A career fed does a stint at USDS

Steve Kelman checks in with procurement innovator and past Fed 100 winner Mark Junda on his latest chapter.

USDS

Mark Junda is a 16-year veteran in contracting at the Department of Veterans Affairs. He started his career at the Army Communications and Electronics Command in New Jersey, where he came right out of college, but when the command was BRAC’ed to Washington shortly after he arrived, he moved to a VA posting nearby. In his most-recent job at the VA, Junda was a division director working on IT contracting. So he’s a career fed.

I first ran into Junda because he was an early user of tech demos in the procurement process, an innovative technique where bidders actually develop a prototype product in real time as part of source selection. He was also active in encouraging the use of GitHub to communicate between government and industry. While at the VA, he attended the Digital Acquisition Professionals program to teach contracting officials how to buy digital products and services more effectively. (I wrote a blog about Junda’s workback in 2018, and he won a Federal 100 Award in 2020 for his innovative procurement efforts) He decided to go to USDS to broaden his perspective and learn new things.

In October 2020, Junda left the VA to take a two-year stint in the U.S. Digital Service, working virtually from New Jersey.

The IT folks he works with at USDS are mostly the stereotypical Silicon Valley techies working for a while in government. After their stints, some actually stay on in government, he says, while others go to work for civic tech companies or back to the Silicon Valley. (I was surprised when he said that many or most did not go back.) However, contracting people working in USDS are different. Few from Silicon Valley, not surprisingly, have government contracting skills, so the 12 people in the contracting community of practice at USDS are mostly from government.

Junda acts as an advisor to IT program teams working on awarding digital contracts. Each team also includes a mainstream contracting officer doing the technical contracting work; he is more of a strategic advisor to the IT team.

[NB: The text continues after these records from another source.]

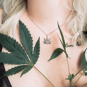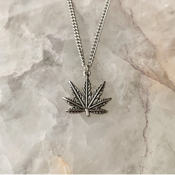 NWOT Blunted Objects Large One Hit Wonder Silver cannabis leaf pendant Necklace
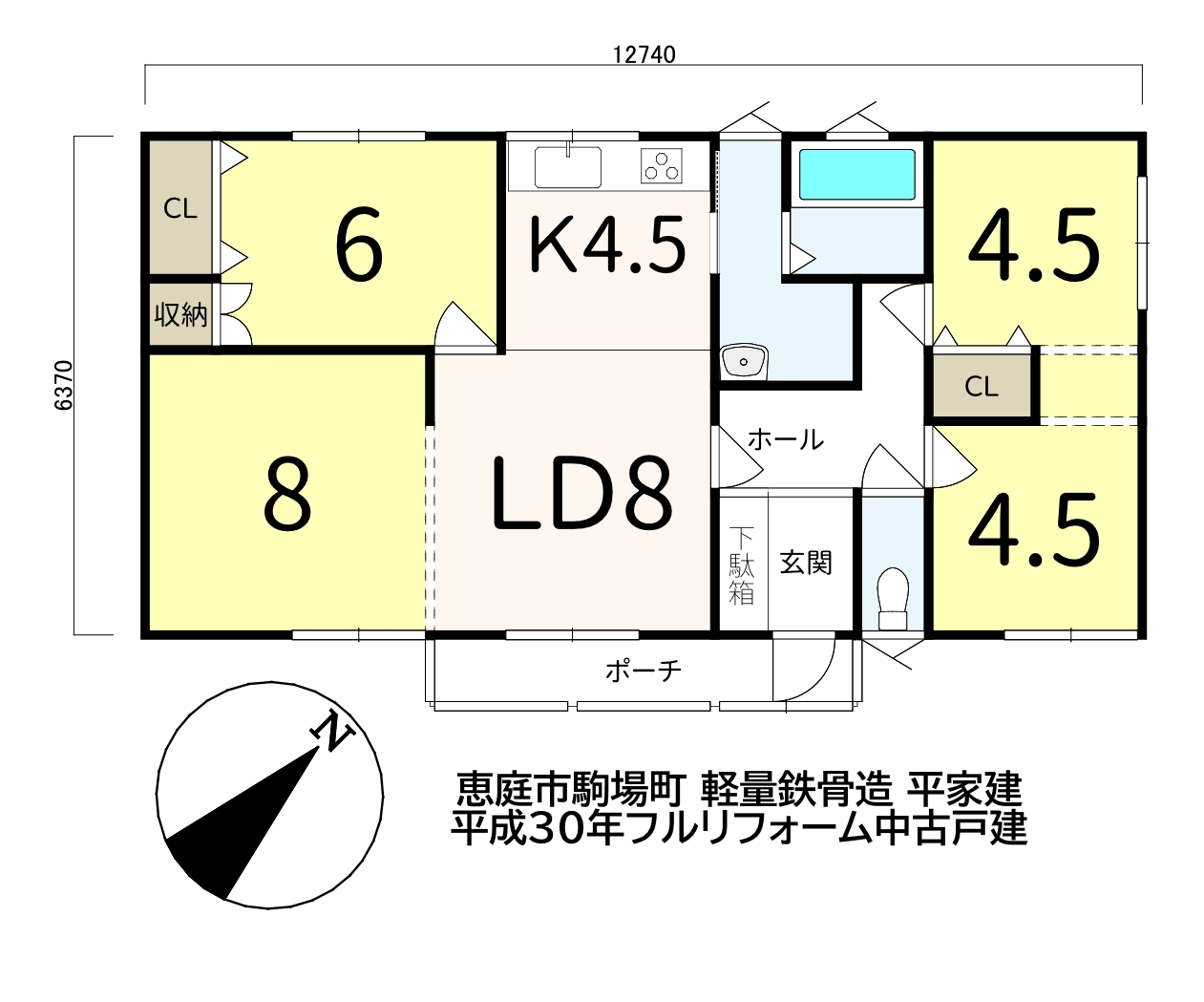 平成30年大規模住宅改修工事済み《外壁ガルバリウム貼、玄関ドア交換、住宅設備交換(システムキッチン・灯油ボイラー・一坪ユニットバス・シャンプードレッサー・温水洗浄機能付トイレ)・フロア貼替・クロス貼替》
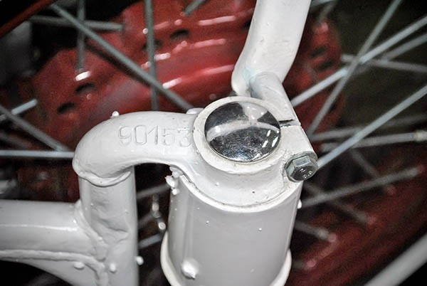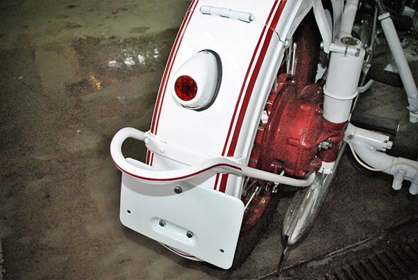 Но дизайнерская покраска в чистый белый цвет с "пинстрайпинговыми"акцентными линиями в вишневом цвете очень оживили старый мотоцикл.
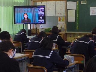 当初予定していた体育館での開催からオンライン形式に変更して実施しました。卒業生と1,2年生が直接ふれあうことはできませんでしたが、画面を通して、卒業生の体験や通っている高校の説明を聞いたり、質問をしたりしました。
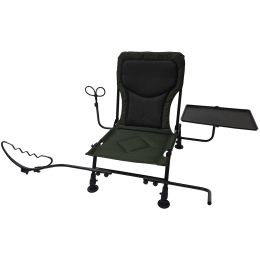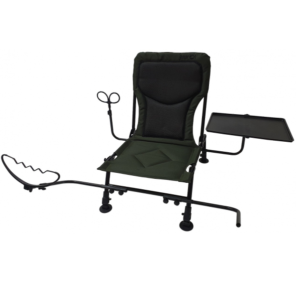 Křeslo pro lov na feeder s příslušenstvím. Čtyři plně nastavitelné nohy s možností uchycení příslušenství, dva nastavitelné držáky na prut, malý stoleček na odkládání nástrah a drobností, držák na vezírek.

Some of the contracting officers with whom he works have had experience awarding digital services contracts, for other the work is new. So he is interacting with IT folks much more than he did in his old job. He has been spending most of his time working with the Centers for Medicare and Medicaid Services and the Office of Personnel Management -- for the former working on the award of a big digital services BPA including agile and user experience. For that CMS contract, Junda will implement some of the innovative techniques he’s used in the past at VA.

I asked Junda how his USDS experiences have influenced what questions he asks as a contracting advisor. “If I’m working on cloud contracting, I’d ask the program people where they are on their journey to deploying as much as possible to the cloud,” he said. “Do they desire a single or multi-cloud strategy? Do they have infrastructure contracts that will be impacted as more applications are moved to the cloud? What type of vendor support do they need to accomplish their strategy?” He has now participated in digital acquisition processes, such as journey mapping, that before he had only heard about, and now understands them much better.

The feel of USDS is different from a traditional government organization, Junda added: “USDS is less formal, meetings are more casual.” He also likes the quality of the workforce. “In a normal government workplace, you have 7’s and 15’s working in the same shop. And the quality level can vary a lot. Here everyone is a 15, and they are smart 15’s.”

I asked Junda about his views on my recent blog where IT veterans Bob Woods and Ed Meagher criticized 18F and by extension USDS for trying to sell solutions that were too fancy for the government’s needs, for arrogance, and for disorganization. 

“I think the negative assessment in that blog is a bit unfair,” he replied. “I worked with the USDS team at VA as the point of contact on vets.gov. Their work has continued through three administrations. It was so successful that vets.gov became the landing page for the VA. The USDS folks made us feel very valuable and part of the team. It wasn’t drop in, insert fancy tech and then leave. They didn’t interrupt things in a negative way. I personally have never seen an experience where they behaved in the way Woods and Meagher suggest.”

To go to USDS for two years, Junda had to give up his job at the VA. So when his stint is up, he will be on the job market for the first time in many years. About the only thing he knows for sure is that he wishes to continue working virtually, and he is optimistic about opportunities in the Washington, D.C. area post-Covid. He is not one hundred percent sure, but thinks he wants to stay in government.

I think some agency will be lucky to get him.

The new stimulus package includes $200 million for USDS, so USDS will likely be hiring. Fed readers may want to consider going down Junda’s path.